Learning Path : Step by Step Guide for Beginners to Learn SparkR

Shashwat.2014 Srivastava 04 Jul, 2016 • 5 min read

Introduction

Lately, I’ve been reading the book Data Scientist at Work to draw some inspiration from successful data scientists. Among other things, I found that most of the data scientists have emphasized upon the evolution of Spark and its incredible extent of computational power.

This piqued my interest to know more about Spark. Since then, I’ve done an extensive research on this topic to come across every possible bit of information I could find.

Fortunately, Spark has extensive packages for different programming languages. I think, being an R user, my inherent inclination to SparkR is justified.

After I finished with the research, I realized there is no structured learning path available on SparkR. I even connected with folks who are keen to learn SparkR, but none came across such structured learning path. Have you faced the same difficulty ? If yes, here’s your answer.
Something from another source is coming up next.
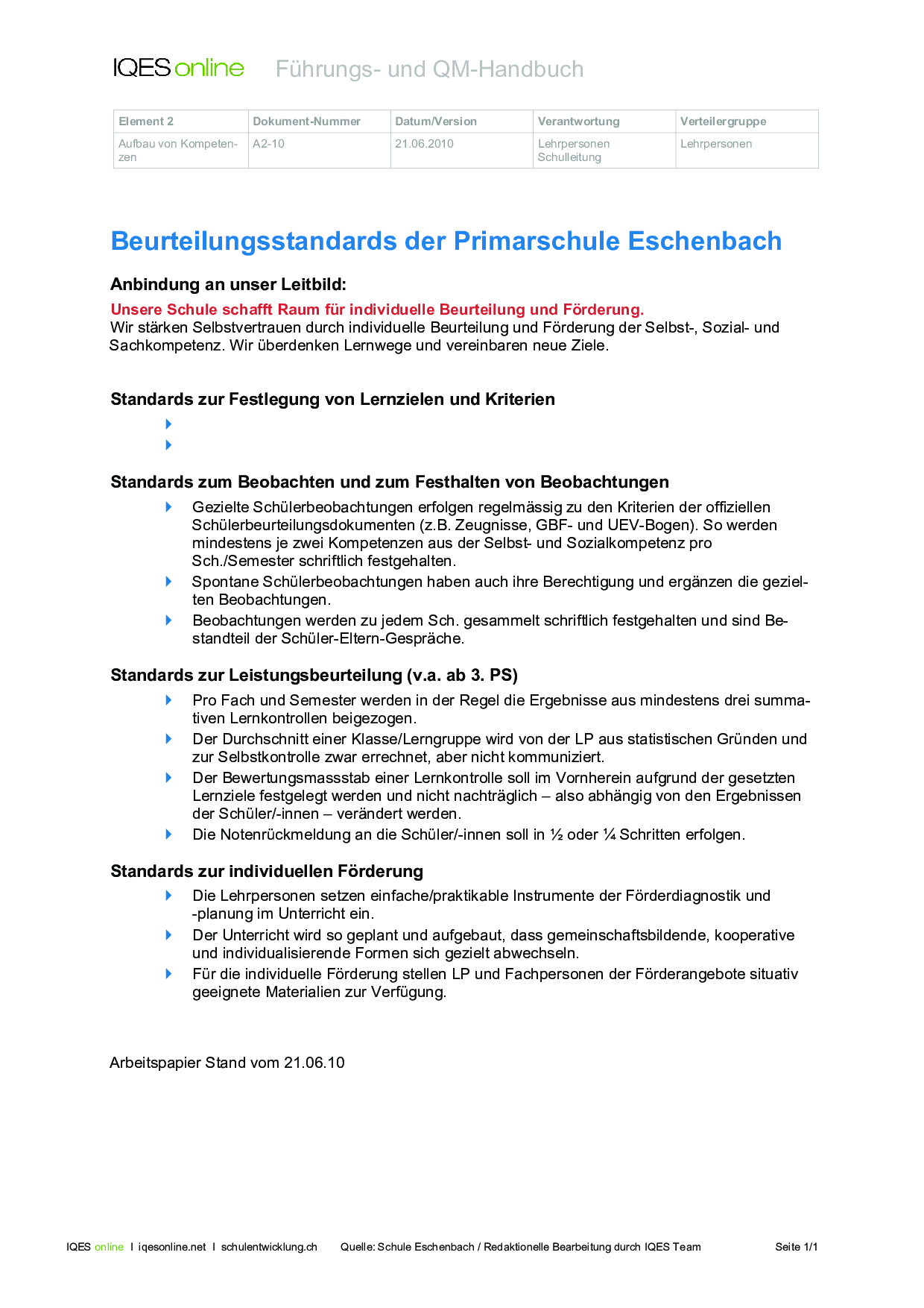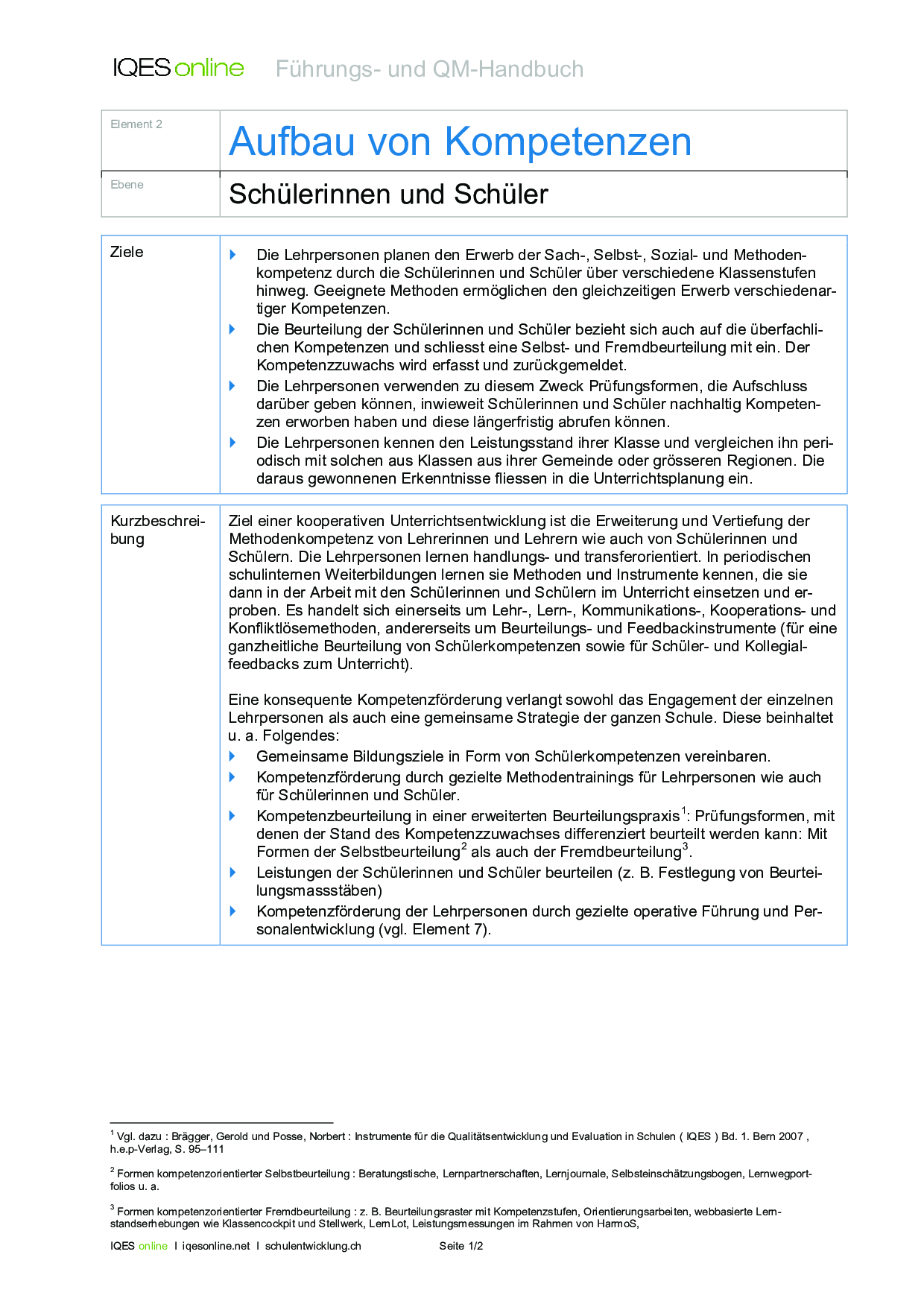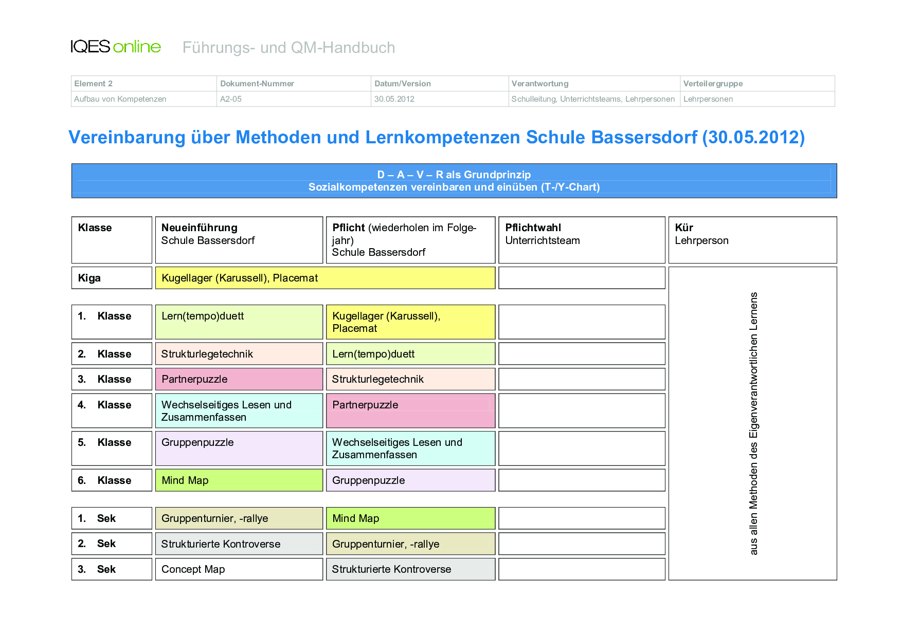 Element 2 für den Aufbau von Kompetenzen: Vereinbarung über Methoden und Lernkompetenzen der Schule Bassersdorf.

This inspired me to create this step by step learning path. I’ve listed the best resources available on SparkR. If you manage to complete the 7 steps thoroughly, you are expected to acquire intermediate level of adeptness on Spark. However, your journey from intermediate to expert level would require hours of practice. You knew that, right ? Let’s begin!

Learning Path : Step by Step Guide for Beginners to Learn SparkR

 

Step 1: What is Spark? Why do we need it?

Spark is an Apache project promoted as “lightning fast cluster computing”. It’s astonishing computing speed makes it 100x faster than hadoop  and 10x faster than Mapreduce in memory. For large data processing, Spark has become first choice of every data scientist or engineer today.

You see Amazon, eBay, Yahoo, Facebook, everyone is using Spark for data processing on insanely large data sets. Apache Spark has one of the fastest growing big data community with more than 750 contributors from 200+ companies worldwide. According to the 2015 Data Science Salary Survey by O’Reilly, presence of Apache Spark skills added $11,000 extra to the median salary.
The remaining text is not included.